EXCERPTED RECORDS:
####

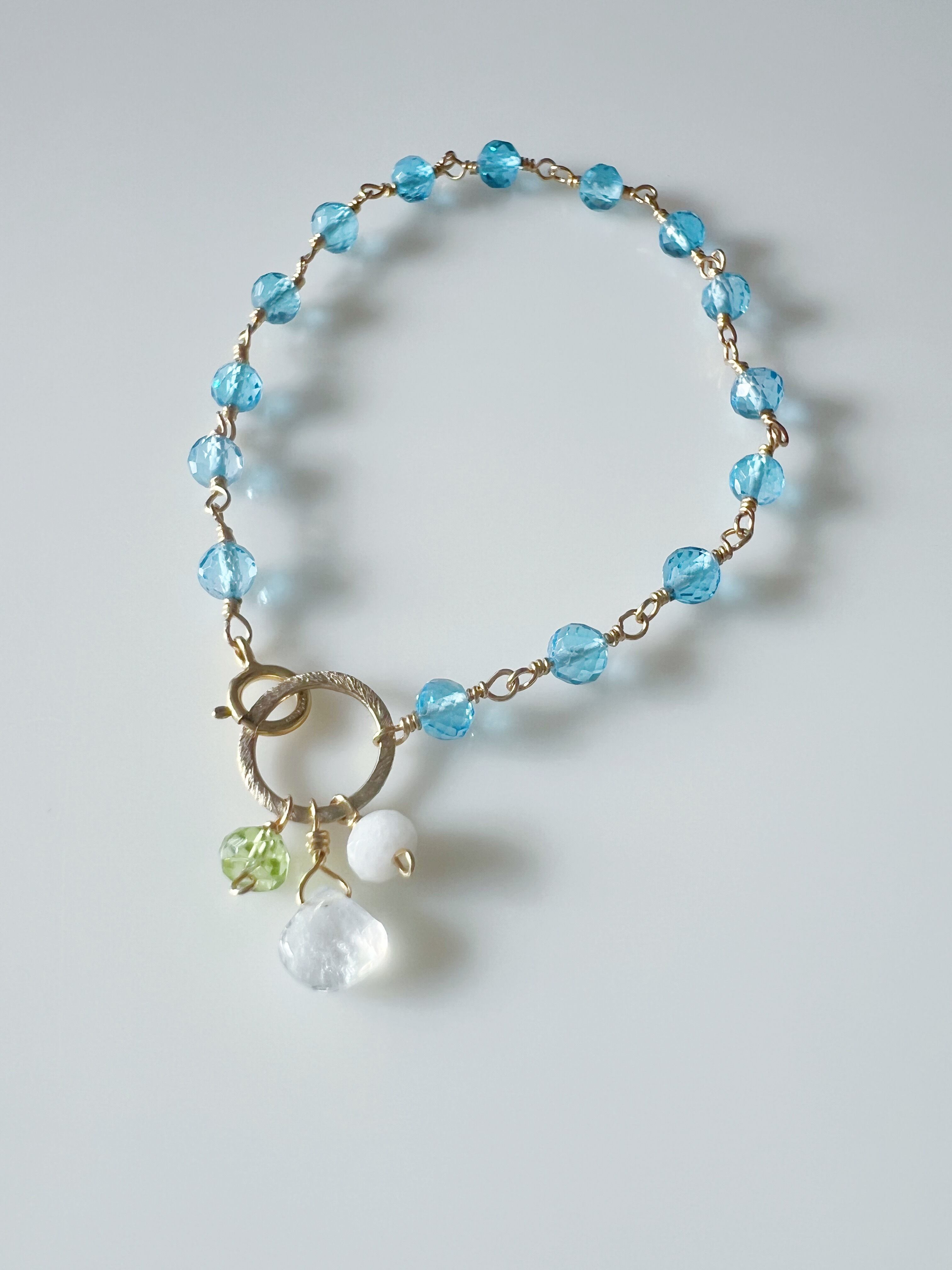 ブルークオーツ、ムーンストーン、ペリドット、ホワイトクオーツのブレスレットは、4つの天然石で涼しげな印象。
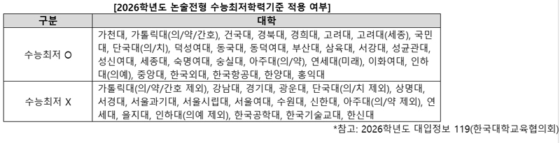논술전형은 학교생활기록부를 반영하기도 하지만 대부분 비중이 작고, 실질 영향력이 매우 낮은 편이다. 삼육대·서강대·성신여대는 올해 학생부 반영을 없애 대학수학능력시험 100% 선발로 변경했고, 광운대·서울시립대 등은 학생부(교과) 반영비율을 기존 30%에서 20%로 낮췄다.
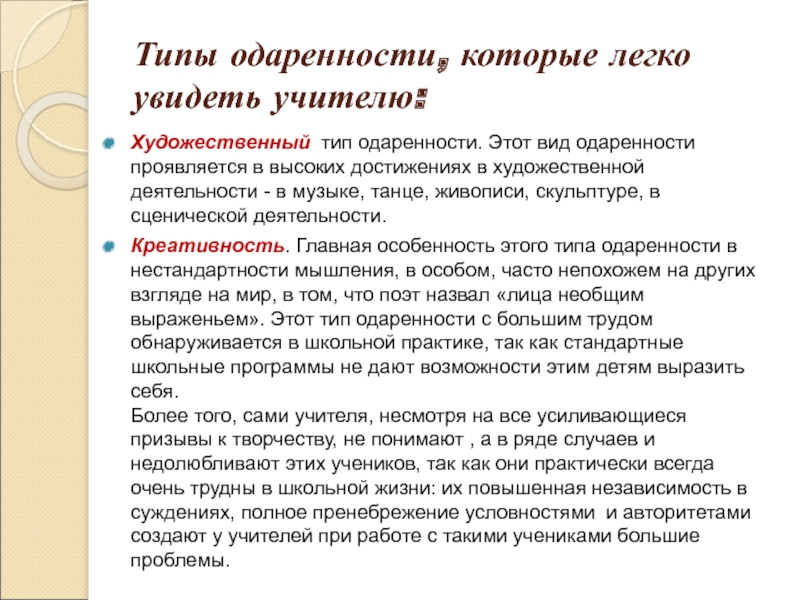 Креативность. Главная особенность этого типа одаренности в нестандартности мышления, в особом, часто непохожем на других взгляде на мир, в том, что поэт назвал «лица необщим выраженьем». Этот тип одаренности с большим трудом обнаруживается в школьной практике, так как стандартные школьные программы не дают возможности этим детям выразить себя.
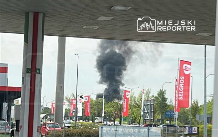 Duży pożar pod Warszawą. Kłęby czarnego dymu widziane z Warszawy. Na miejscu działa straż pożarna
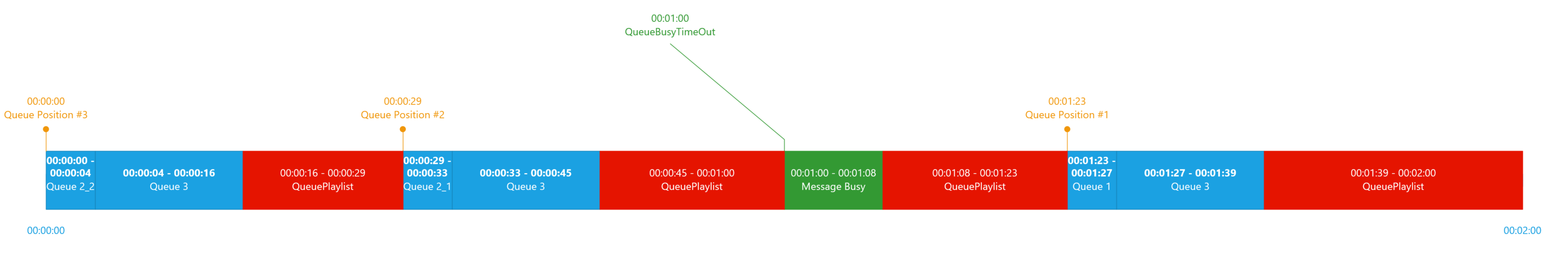 The item “Message Overflow” will be played when the queue is full (size can be configured). The work flow must be “QueueOverflow”.
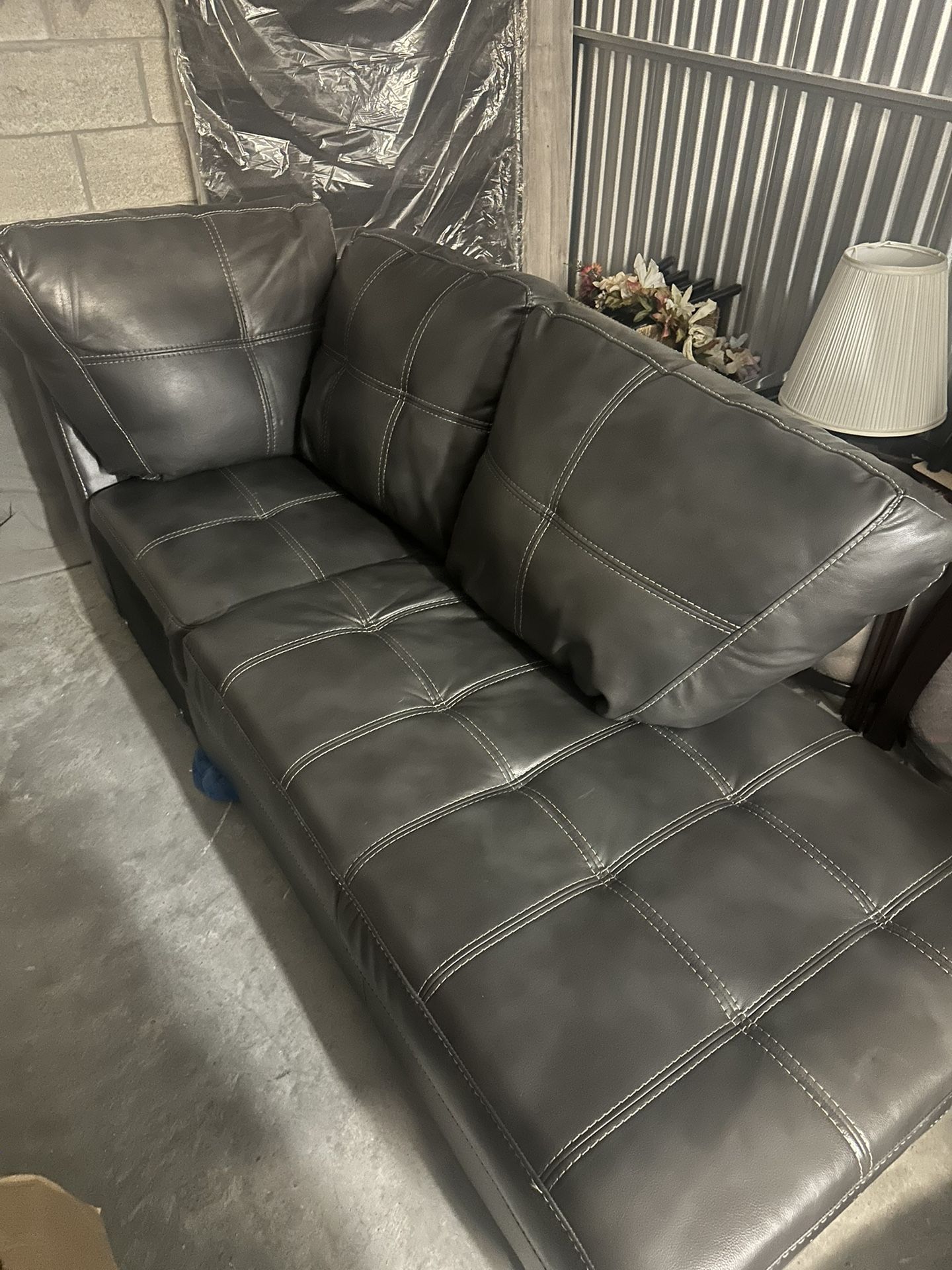Two piece pretty big comes with all cushions needs some maintenance with the cleaning simple wipe down and barely used
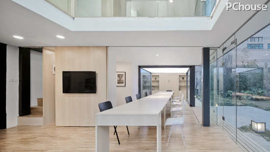 自由移动的隔墙,分割出会客空间和办公空间。拉伸出外墙体块,结合2m变20m的超长桌子,将餐厅变身为workshop。
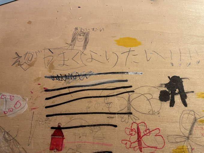 0 9 娘がよく書斎の机に落書きするのだが、「母むいむい」の下に「えがうまくなりたい!!!!!!!」と描いてあった、お父さんが君に伝えたいのは、 22/02/17 09:51
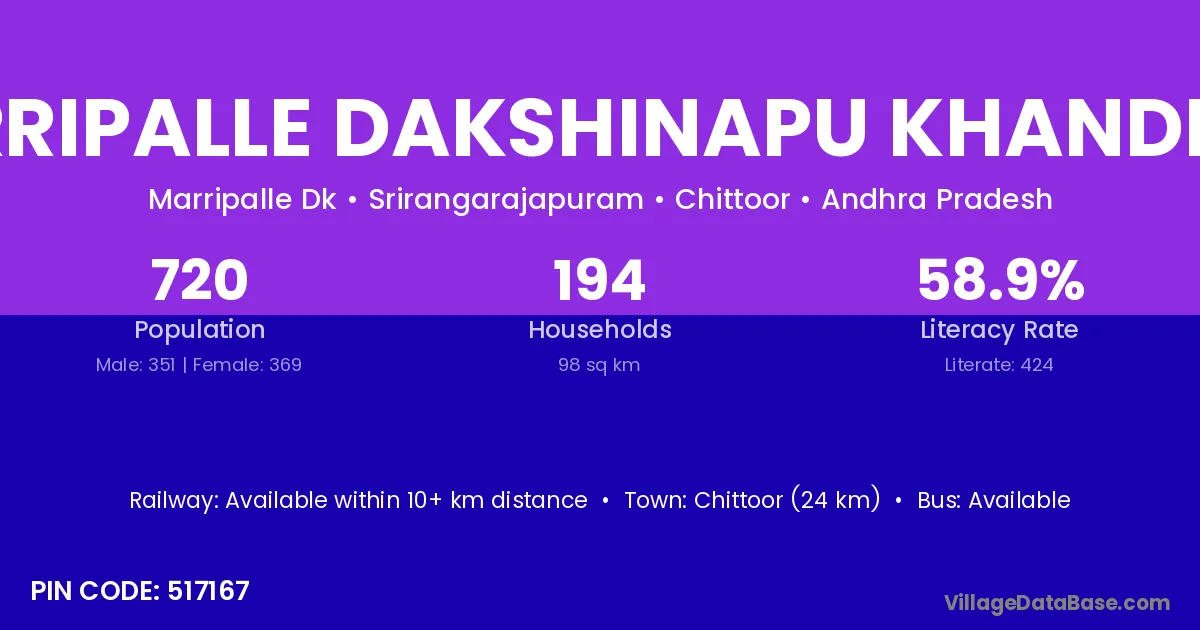 Chittoor (24 km) is the nearest town to Marripalle Dakshinapu Khandriga village for major economic activities and is located approximately 24 km away.

####

ACTION ITEM: Write out the records above exactly as they appear, leaving out any pictures.

FINISHED EXERCISE:
 ブルークオーツ、ムーンストーン、ペリドット、ホワイトクオーツのブレスレットは、4つの天然石で涼しげな印象。
논술전형은 학교생활기록부를 반영하기도 하지만 대부분 비중이 작고, 실질 영향력이 매우 낮은 편이다. 삼육대·서강대·성신여대는 올해 학생부 반영을 없애 대학수학능력시험 100% 선발로 변경했고, 광운대·서울시립대 등은 학생부(교과) 반영비율을 기존 30%에서 20%로 낮췄다.
 Креативность. Главная особенность этого типа одаренности в нестандартности мышления, в особом, часто непохожем на других взгляде на мир, в том, что поэт назвал «лица необщим выраженьем». Этот тип одаренности с большим трудом обнаруживается в школьной практике, так как стандартные школьные программы не дают возможности этим детям выразить себя.
 Duży pożar pod Warszawą. Kłęby czarnego dymu widziane z Warszawy. Na miejscu działa straż pożarna
 The item “Message Overflow” will be played when the queue is full (size can be configured). The work flow must be “QueueOverflow”.
Two piece pretty big comes with all cushions needs some maintenance with the cleaning simple wipe down and barely used
 自由移动的隔墙,分割出会客空间和办公空间。拉伸出外墙体块,结合2m变20m的超长桌子,将餐厅变身为workshop。
 0 9 娘がよく書斎の机に落書きするのだが、「母むいむい」の下に「えがうまくなりたい!!!!!!!」と描いてあった、お父さんが君に伝えたいのは、 22/02/17 09:51
 Chittoor (24 km) is the nearest town to Marripalle Dakshinapu Khandriga village for major economic activities and is located approximately 24 km away.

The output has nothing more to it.